I am an archaeological scientist with over 15 years of experience in both plant micro- and macro-remains. I have extensive professional experience as I have participated in projects in Africa, the Middle East, Europe, South-East Asia and North America, authoring over 130 professional reports and over 30 papers in peer-reviewed international journals and edited volumes, including papers in PNAS and Nature Genetics.

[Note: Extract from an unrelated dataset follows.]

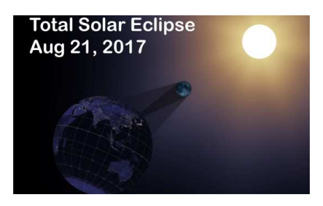
[You've seen this slide a lot. Last time till 400 years from now!]

During totality, the eclipsed sun is no brighter than the full moon, and it is an experience you simply will not believe.

Whilst working in the sector of environmental archaeology I developed a strong interest in the complex interactions between ancient people, their living conditions and their health outcomes.
Since 2009, when I started my PhD at the University of York (2009-2016), my research has focused on dental calculus as a means of reconstructing the diet and living conditions of past humans, having examined and published dental calculus microdebris data from numerous assemblages with a worldwide distribution, spanning hominins to Late Medieval humans.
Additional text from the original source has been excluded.